Although it occurs to me that irises don't close all the way … which would probably explain why no one else does this. So maybe this is a bad idea anyway.


----------



## derekleffew (May 20, 2019)

In the olden days when Wybron made dousers as well as scrollers, they had the Eclipse. It was a venetian-blind type shutter. Some objected to parts of the mechanism staying in the path when open. The Eclipse II was a fully-closing iris type. You might try hunting one down. Came as large as 24" IIRC.



Wybron Eclipse douser


Wybron Eclipse II douser


----------



## RonHebbard (May 20, 2019)

Joshualangman said:


> Although it occurs to me that irises don't close all the way … which would probably explain why no one else does this. So maybe this is a bad idea anyway.

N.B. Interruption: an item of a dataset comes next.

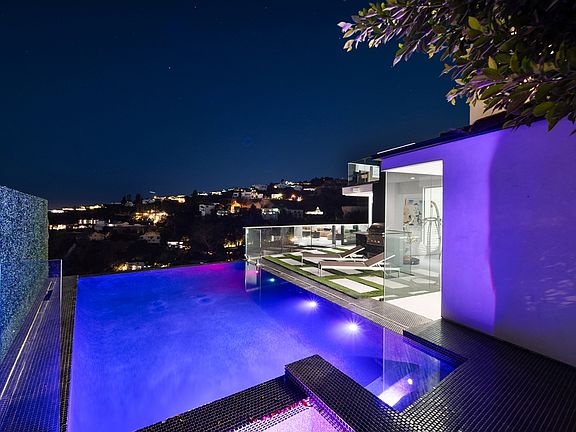 This home and all our listings are available immediately to assist displaced victims from the fires. Available NOW full-furnished and turnkey for short or long-term rentals! The epitome of Hollywood Hills luxury, this sleek modern home is a must-see opportunity in a spectacular location. This stud up rebuilt home is positioned to capture some of the most stunning views the Hollywood Hills has to offer. Fully furnished and exquisitely finished modern yet warm home built with entertainment and family in mind, this home is completely move-in ready. The home boasts 5 bedrooms, large den with balcony overlooking city views, bonus room which can be turned into a gym or office, 5 bathrooms, and world class amenities such as the Rolls Royce licensed theatre and garage. The main rooms open to vast outdoor entertaining terraces to enjoy the views and private pool and spa and gym area downstairs.
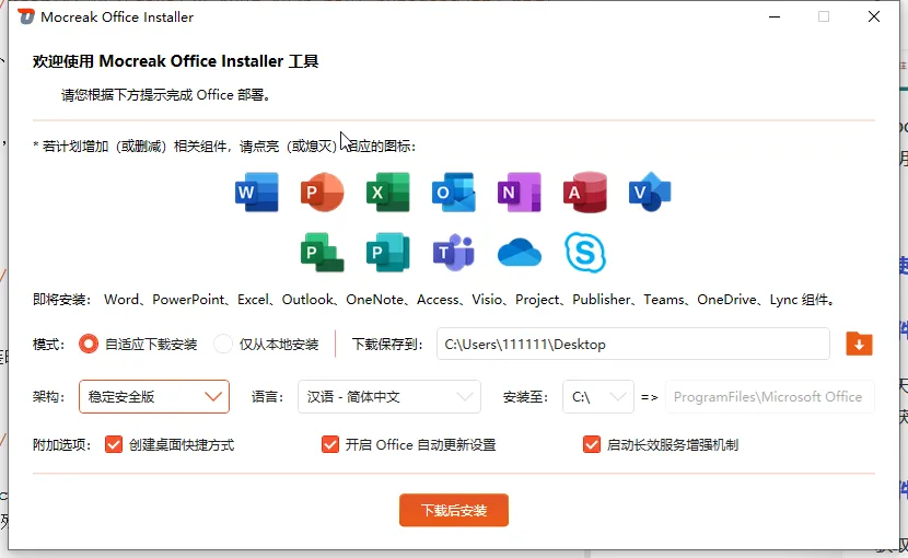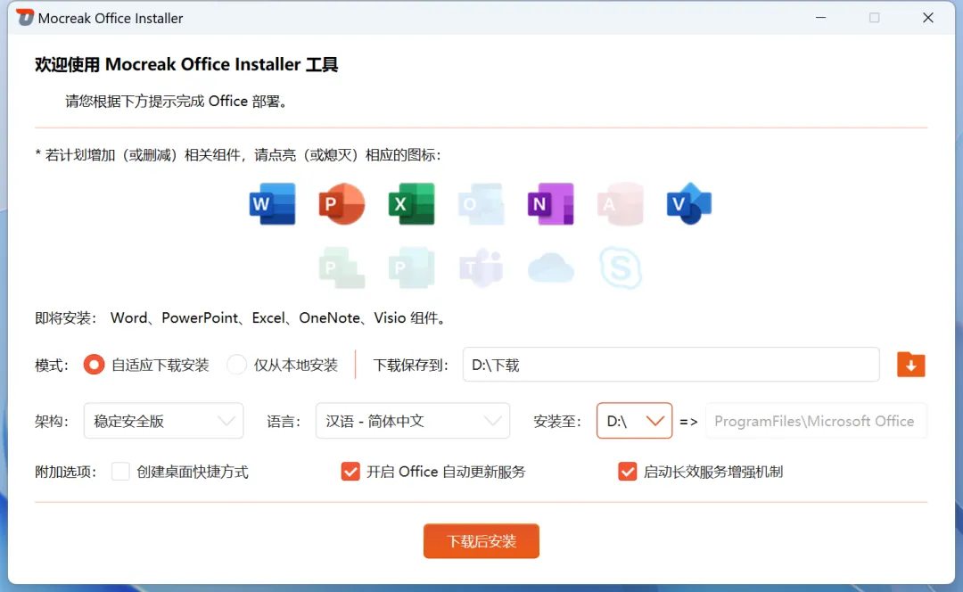 Mocreak 会根据操作系统版本自动下载合适的最新正版 Office 。

 *@Joshualangman* In the cobwebs of my mind I believe I'm recalling an iris that had a little arm which swung up and blocked the tiny hole when irised down to its minimum diameter. Let's summon Control Booth's Super Trouper and Gladiator iris expert: *@ship* Can you help our O.P. @Joshualangman *?*
Toodleoo! 
Ron Hebbard


----------



## ship (May 20, 2019)

c. 1950 Kliegl Dyna Beam


----------



## theatricalmatt (May 20, 2019)

I've used City Theatrical projector dowsers, DMX Irises, and Wybron's Eclipse dowsers to dowse projectors.

I like the City Theatrical dowser best, mainly because that's what it's supposed to do. (That being said, they overlooked its potential application for doing many other things besides....) That being said, the flag movement is often too noticeable by an audience, the motor is a little weak for very fast open and closes, and there's occasionally an issue with hysteresis; ie, it doesn't always make it to full open and full closed, especially if you're trying to eliminate the aforementioned noticeability aspect by only manipulating it from, say, 10 - 70% iinstead of 0 - 100%.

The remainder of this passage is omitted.